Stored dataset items
_ _ _

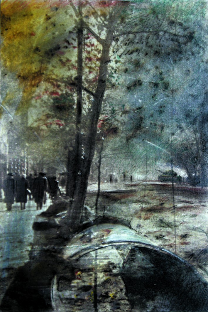 Hazamentem. Szüleim rettenetesen föl voltak háborodva, hiszen alig múltam 15 éves, és innentől kezdve nem engedtek ki a lakásból. Velük kellett mennem az óvóhelyre, illetve mindenhova, ahova ők mentek. Kivételes esetekben, amikor apám belátogatott a gyárba, akkor én is kimerészkedtem Volt ugyan egy Pajtás fényképezőgépem, de nem vittem magammal. Utólag visszagondolva, nem is lett volna értelme – úgyse tudtam volna előhívatni, és otthon nem laboráltam. Elszökdöséseim során megközelítően ugyanezeket a helyszíneket láttam: az utcán, a halottakat, a mésszel leöntött hullákat, és én is rugdostam a vörösréz ágyúhüvelyeket. Azok kolompoltak az utcán keresztbe, miközben jó nagy zajt csaptak. Minden utcában volt, legalább egy tank.
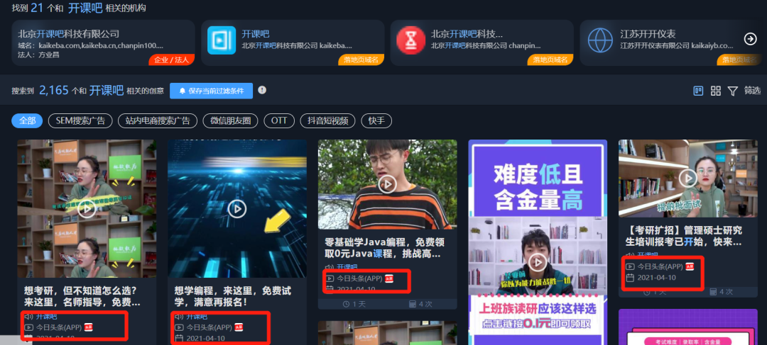 今日头条、微信朋友圈、自媒体公众号、短视频投放(抖音、快手)等,主要是这几个平台,短视频投放主要以0元或低价课程导流。
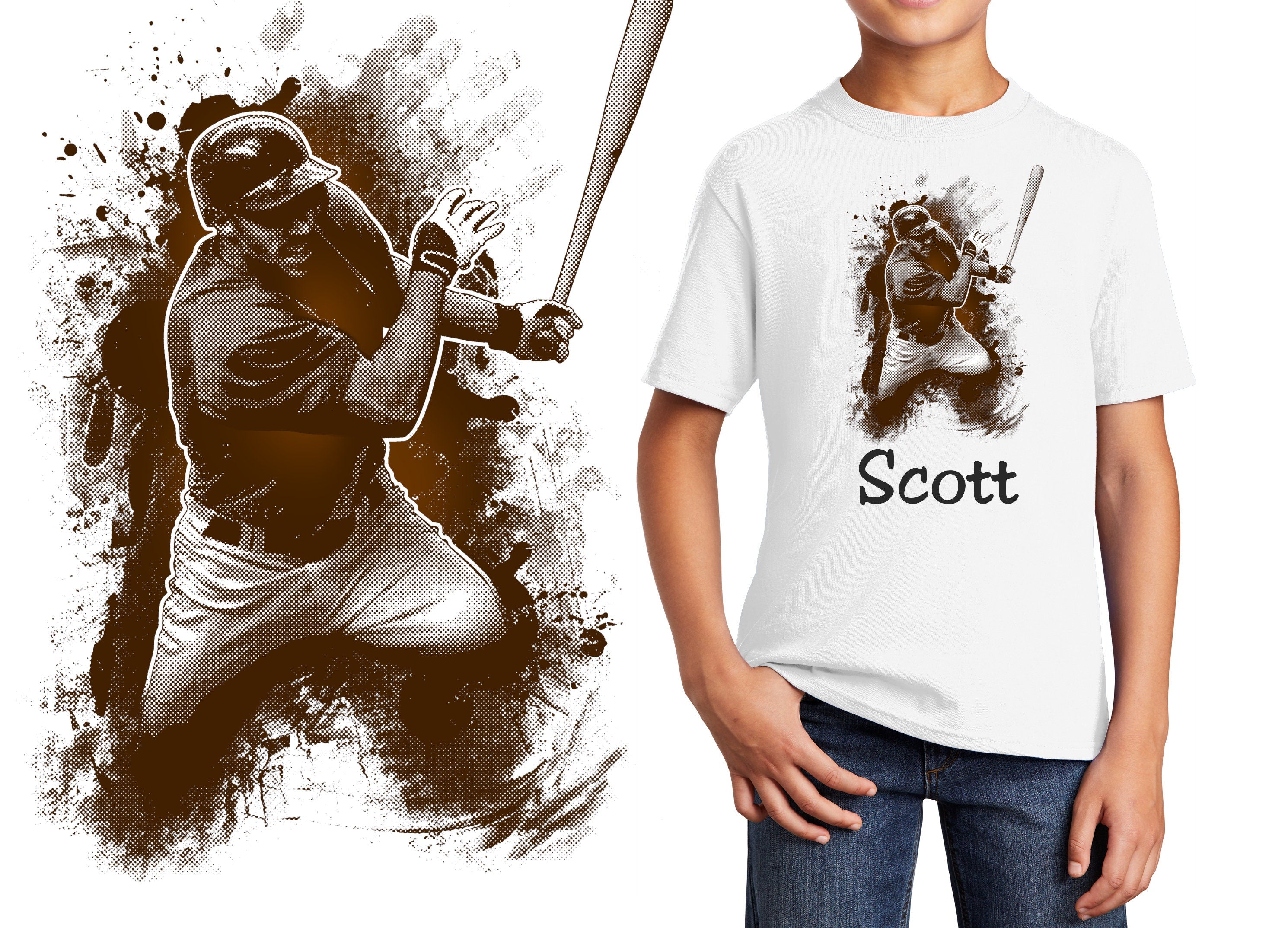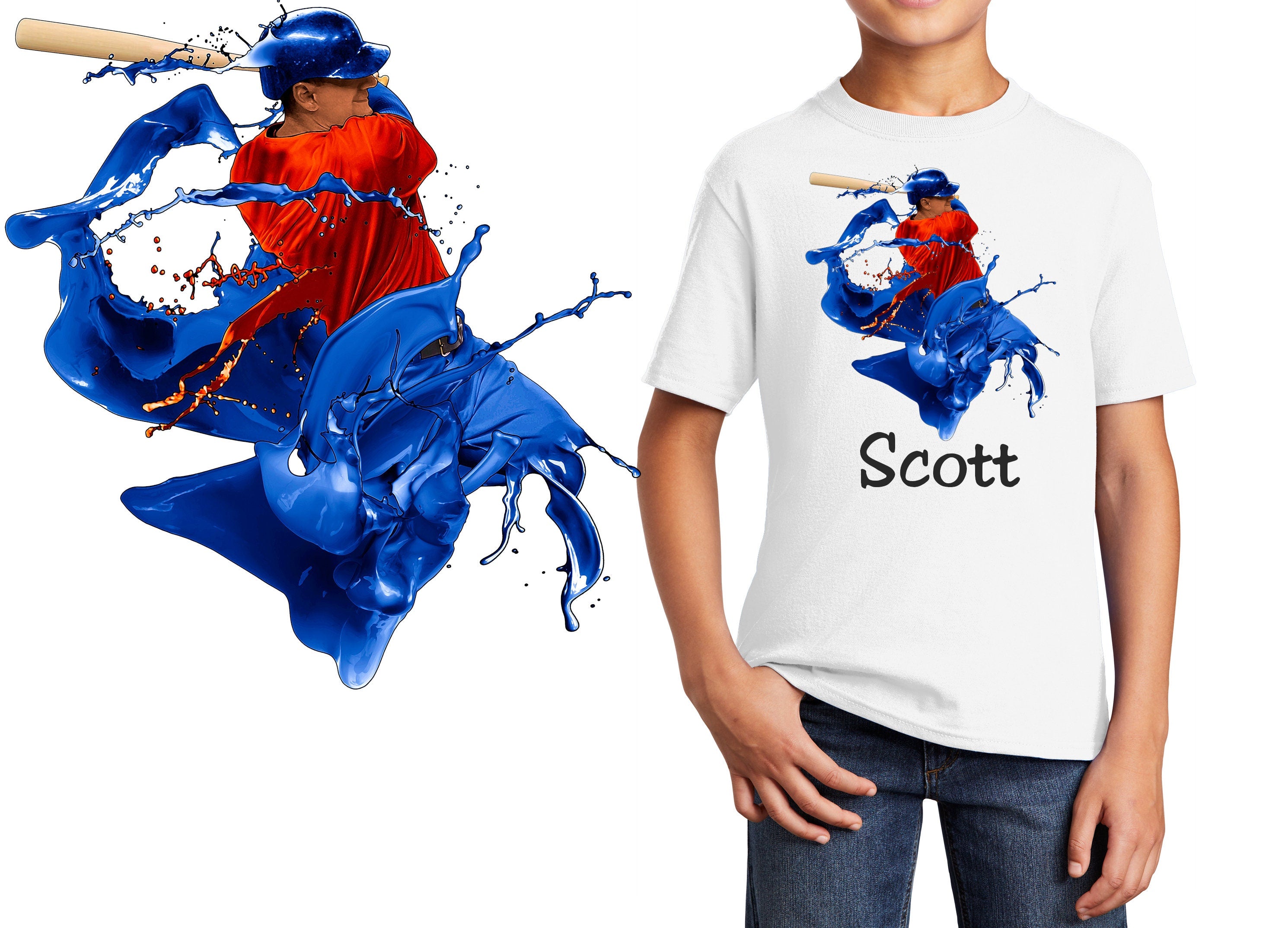 Personalized Kids T-Shirt Baseball Splash Design, T-Shirt, Colorful, Cotton, Low Price Inexpensive Tee Shirt, Student Gift, School Gift
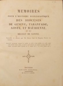 Mémoires pour l'histoire ecclésiastique des diocèses de Genève, Tarantaise, Aoste, et Maurienne, et du décanat de Savoye. Recüeillis et dressés par Mr Besson curé de Chapeiry, diocèse de Genève. Moutiers, Marc Cane, 1871, in-4, VIII-498 pp., [3] ff. n. ch. (Liste des souscripteurs), basane fauve racinée, dos à nerfs orné de filets et fleurons dorés, pièce de titre rouge, tranches rouges (reliure de l'époque). Bon exemplaire.
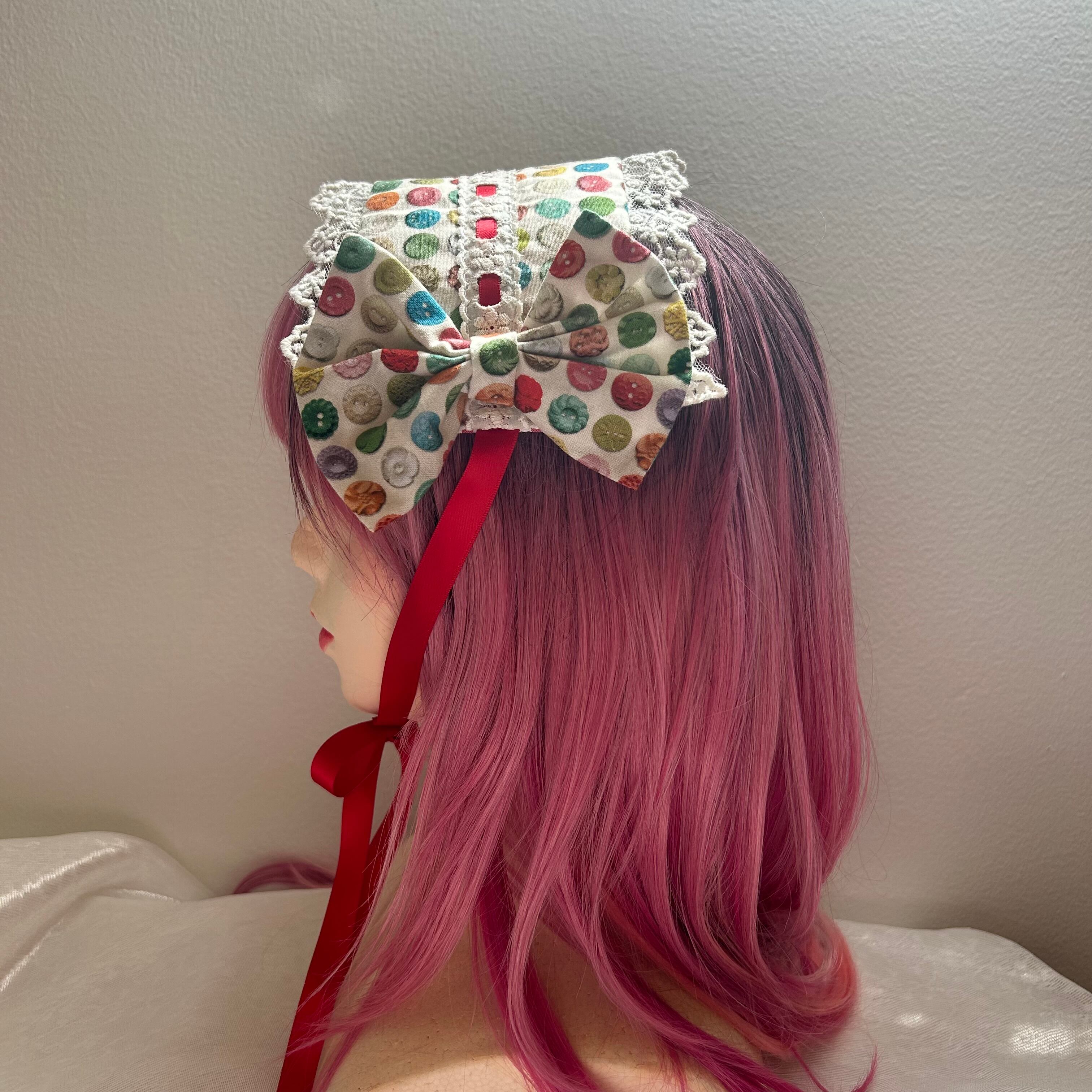 クラシカルなスタイルに似合いそうなヘッドドレス、赤いおりぼんがポイントです
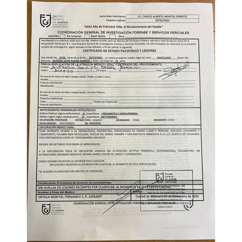 El columnista y conductor de "Tiempo de Negocios" del Heraldo Media Group, Darío Celis, difundió documentos que acreditan la aprehensión del también académico el día de ayer martes, además de que el implicado habría comentado con las autoridades que padece de enfermedades, por lo que requiere medicamentos.
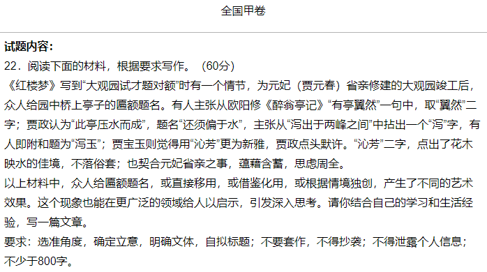 来源:直播车06-07 14:40直播车06月07日讯,高考作文出炉,这其中有我们非常熟悉的题材,比如“全国乙卷”的北京双奥之城,2008年北京奥运会和2022年北京冬奥会的题材,当然也有令人感到头疼的题材,目前在网络上最火的就是“全国甲卷”的红楼梦题材,指的是大观园竣工众人给园中桥上亭子的匾额题名的事情,根据这个材料,写一篇不少于800字的作文,几乎公认的今年高考作文最难的一个题材。
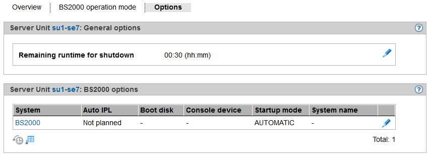 For SU x86, you manage the options using the Options tab of the BS2000 system. You can change the settings for the shutdown, the startup and the Auto IPL.
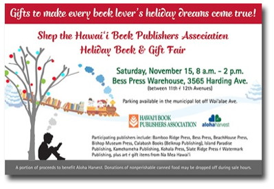 An ideal opportunity to jumpstart your holiday shopping and contribute to one of Oahu's leading community service providers at the same time. Members of the Hawai‘i Book Publishers Association (HBPA) have organized a joint pop-up holiday book and gift sale. This is a unique event to showcase a wide range of the latest book releases and bestsellers in Hawai‘i, as well as look through Na Mea Hawaiʻi's unique collection of Hawaiian art and gift items, all in one place. A portion of the proceeds from this event will benefit Aloha Harvest, a community organization rescuing quality food and delivering it to O‘ahu's hungry. Donations of nonperishable canned food may be dropped off during sale hours.
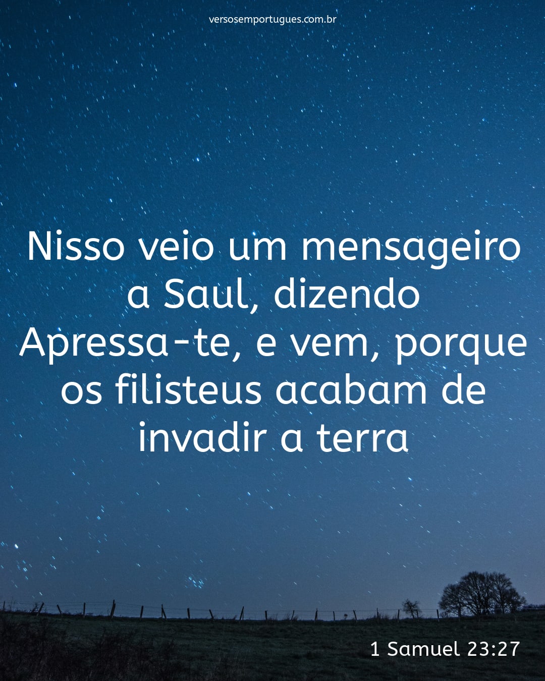 Nisso veio um mensageiro a Saul, dizendo: Apressa-te, e vem, porque os filisteus acabam de invadir a terra.
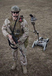 PackBot is a series of military robots by Endeavor Robotics (previously by iRobot[1]), an international robotics company founded in 2016, created from iRobot, that previously produced military robots since 1990. More than 2000 were used in Iraq and Afghanistan.[2] They were also used to aid searching through the debris of the World Trade Center after 9/11 in 2001.[3] Another instance of the PackBot technology being implemented was to the damaged Fukushima nuclear plant after the 2011 Tōhoku earthquake and tsunami where they were the first to assess the site.[4] As of November 2014, the U.S. Army is refurbishing 224 iRobot 510 robots.[5] The PackBot technology is also used in collaboration with NASA for their rovers and probes.
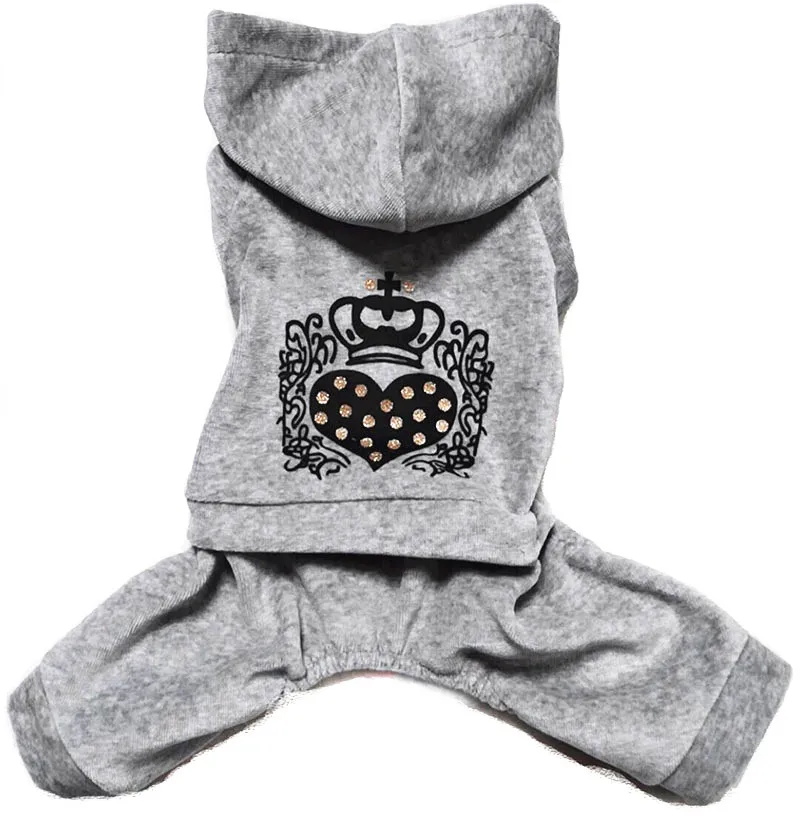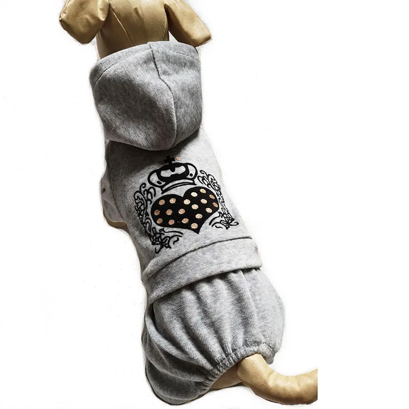 Спортивный бархатный комбинезон FODOG для собак и кошек, с капюшоном и короной, с узором в виде сердца, одежда для домашних животных, пальто для собак, товары для домашних животных, куртка
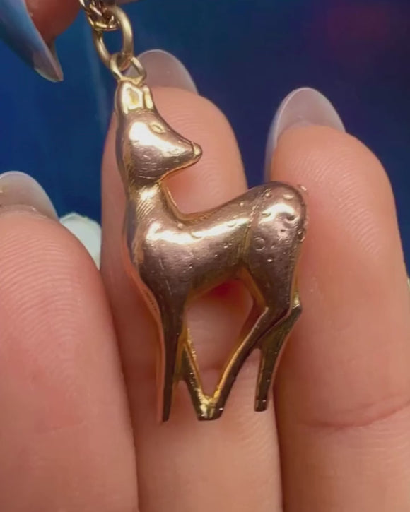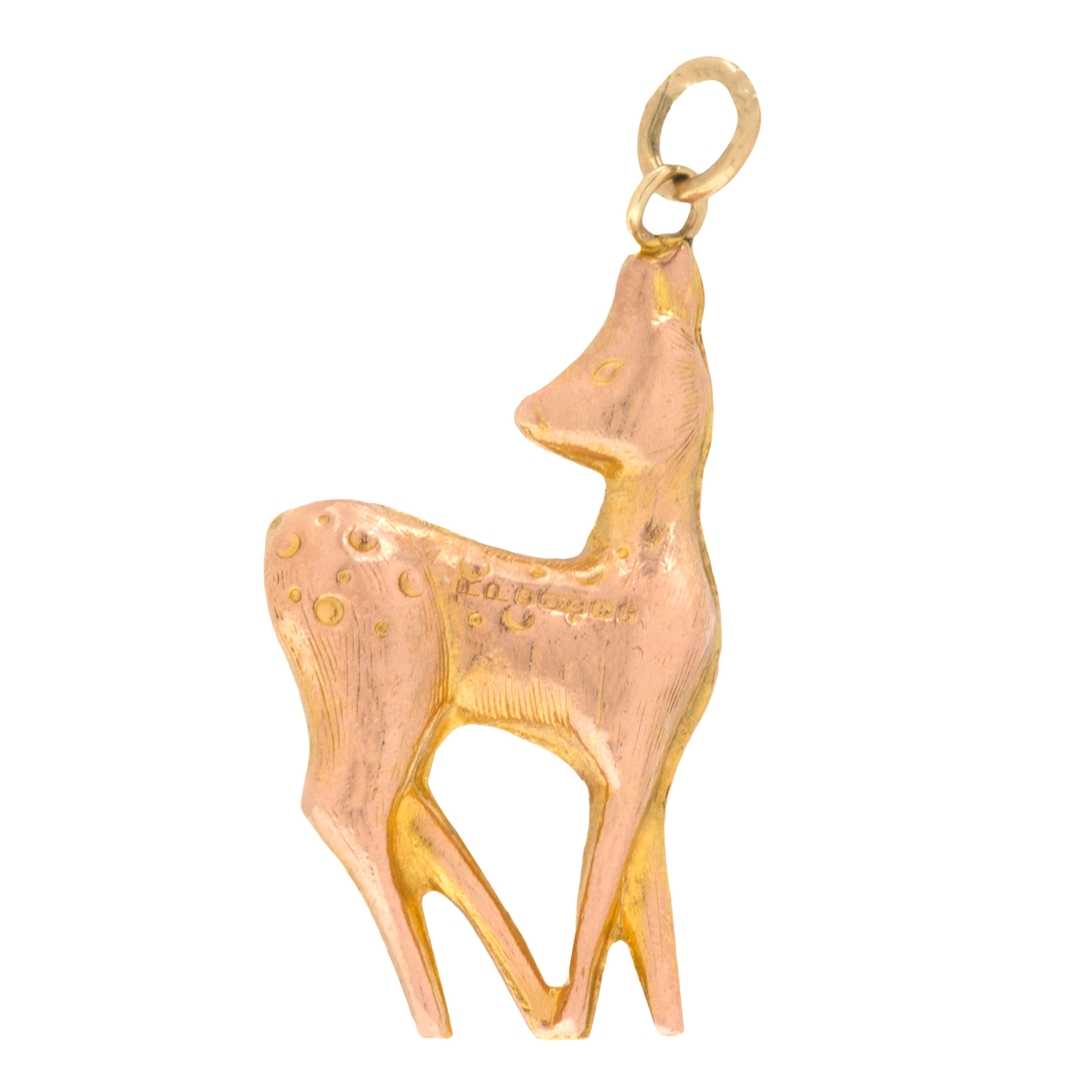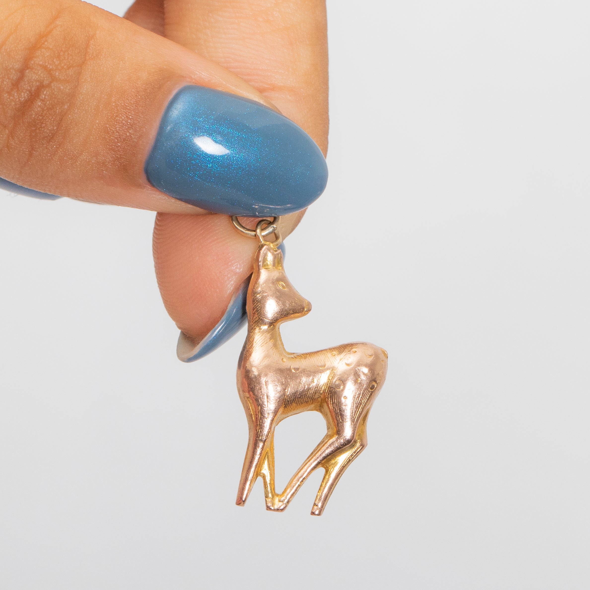 VERY GOOD. This 9ct Gold Bambi pendant is offered in excellent condition. The 9ct Gold is buttery and smooth, free from dents or dings. Some of the engraved details have worn over time, but the pendant has retained its form impeccably. With a soldered jump ring, you can suspend this vintage Gold charm from a chain with ease and wear her confidently!
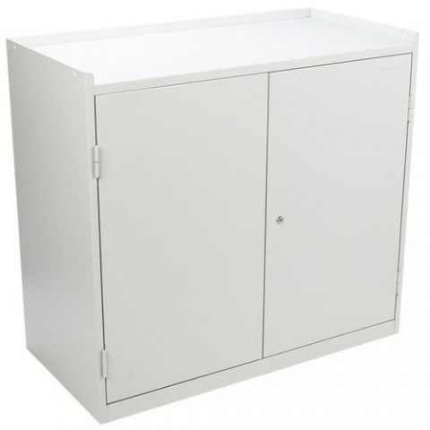 Dílenská skříň vhodná pro uložení pracovních nástrojů a pomůcek. Skříň je na horní straně vybavena zvýšeným lemem, který zabraňuje pádu předmětů. Skříň je dvoudveřová a uvnitř se nacházejí dvě police a dvě zásuvky na teleskopických výsuvech.Dílenská skříň na nářadí Manutan Expert, 91,5 x 100 x 50 cm

_ _ _

> _What is being asked_: Retype only the lines above from the one with "クラシカルなスタイルに似合いそうなヘッドドレス、赤いおりぼんがポイントです" through the one with "Nisso veio um", exactly and with both ends. Images stay out.

> _Result_:
 クラシカルなスタイルに似合いそうなヘッドドレス、赤いおりぼんがポイントです
 El columnista y conductor de "Tiempo de Negocios" del Heraldo Media Group, Darío Celis, difundió documentos que acreditan la aprehensión del también académico el día de ayer martes, además de que el implicado habría comentado con las autoridades que padece de enfermedades, por lo que requiere medicamentos.
 来源:直播车06-07 14:40直播车06月07日讯,高考作文出炉,这其中有我们非常熟悉的题材,比如“全国乙卷”的北京双奥之城,2008年北京奥运会和2022年北京冬奥会的题材,当然也有令人感到头疼的题材,目前在网络上最火的就是“全国甲卷”的红楼梦题材,指的是大观园竣工众人给园中桥上亭子的匾额题名的事情,根据这个材料,写一篇不少于800字的作文,几乎公认的今年高考作文最难的一个题材。
 For SU x86, you manage the options using the Options tab of the BS2000 system. You can change the settings for the shutdown, the startup and the Auto IPL.
 An ideal opportunity to jumpstart your holiday shopping and contribute to one of Oahu's leading community service providers at the same time. Members of the Hawai‘i Book Publishers Association (HBPA) have organized a joint pop-up holiday book and gift sale. This is a unique event to showcase a wide range of the latest book releases and bestsellers in Hawai‘i, as well as look through Na Mea Hawaiʻi's unique collection of Hawaiian art and gift items, all in one place. A portion of the proceeds from this event will benefit Aloha Harvest, a community organization rescuing quality food and delivering it to O‘ahu's hungry. Donations of nonperishable canned food may be dropped off during sale hours.
 Nisso veio um mensageiro a Saul, dizendo: Apressa-te, e vem, porque os filisteus acabam de invadir a terra.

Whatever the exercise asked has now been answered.